Too many times — all previous times — I have offered honesty only to be met with spit and fire. How many times can you bear the wrath of toxic masculinity before it becomes second nature? Before your body learns not to flinch, while your heart only knows how to itself tense. I have learnt that shining a mirror onto these rotten insides always results in flames erupting. All these burns on my tired skin. That there is no truth speaking without consequence, no naming without being ready to burn bridges. 

Today, for the very first time, was different.
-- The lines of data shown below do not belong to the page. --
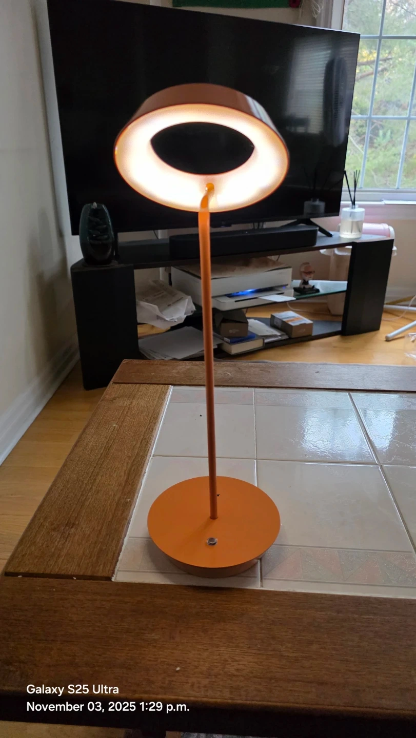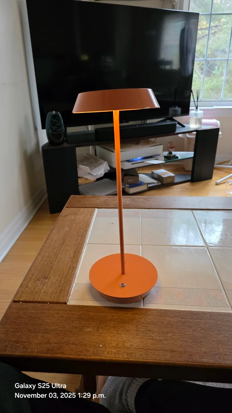 167Here's a stylish orange portable LED table lamp that would look great in any room! It's in excellent condition and ready to brighten up your space
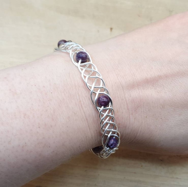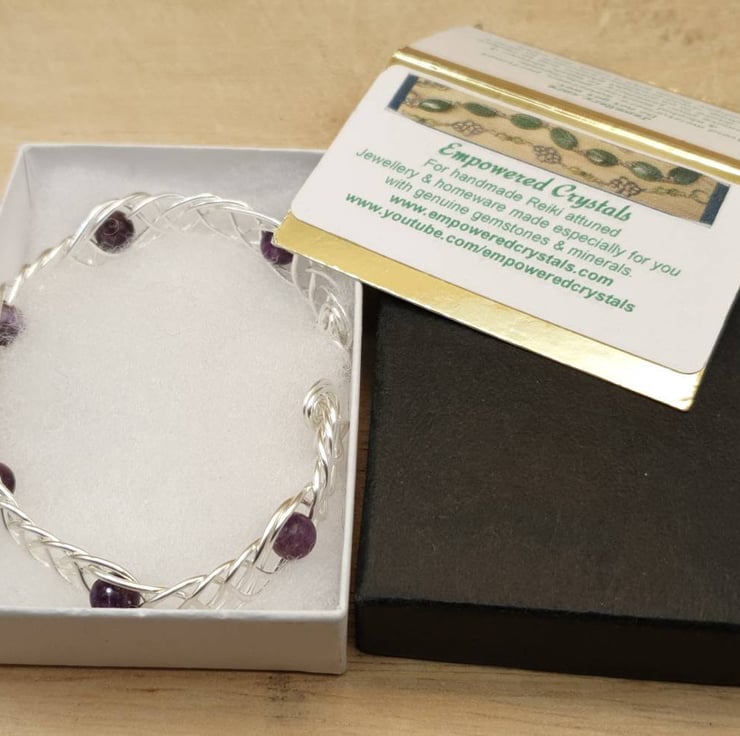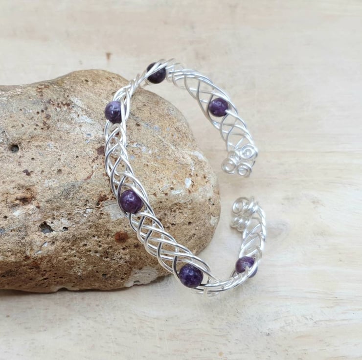This is a purple lepidolite adjustable cuff bracelet. Wire wrapped with silver filled wire.
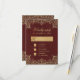 Esta tarjeta de respuesta elegante de boda color burgundy, con un aire vintage, tiene bordes dorados antiguos hacia arriba y hacia abajo con decoraciones barrocas sobre un fondo rojo burgundy. El lugar para el nombre y la pequeña casilla de verificación cuadrada son de falso foil dorado. El título "Kindly reply" y la letra M están escritos en una elegante escritura caligráfica. Todo el texto se puede personalizar y tiene un color dorado similar a las decoraciones doradas de los bordes (excepto la M caligráfica, que es de color burgundy como el fondo).
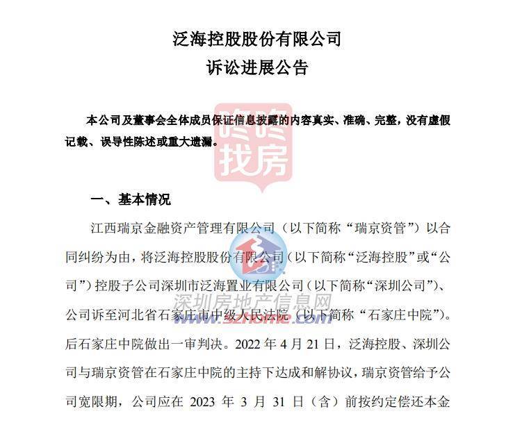 公告显示,此前,江西瑞京金融资产管理有限公司以合同纠纷为由,将泛海控股及控股子公司深圳市泛海置业有限公司,诉至石家庄中院。后石家庄中院做出一审判决。

I want to believe that empathy is indeed an effective response to counter these looming structures of oppression. (It’s not, I know.) I want to believe that decentering ego is a good enough first step to unlearning. During one of the fires, the only person who responded in a way that didn’t make me shrink further was someone who responded with sadness instead of rage. Sadness that she had failed her students, instead of vitriol and senseless accusations. (See: “The students are racist for saying White professors are racist.”) Sadness is ownership, is responsibility, is relationship. Sadness is a glimpse of a turning point. 

I am learning to hold space without pushing people into corners, even when I’m hurt and angry. To extend critical compassion, to push aside my pride, to fill the space between us with an honesty that comes from care, not vengeance. To acknowledge my own pain and boundaries without any expectations of changed outcomes. To know that speaking truth into the air is enough, for now.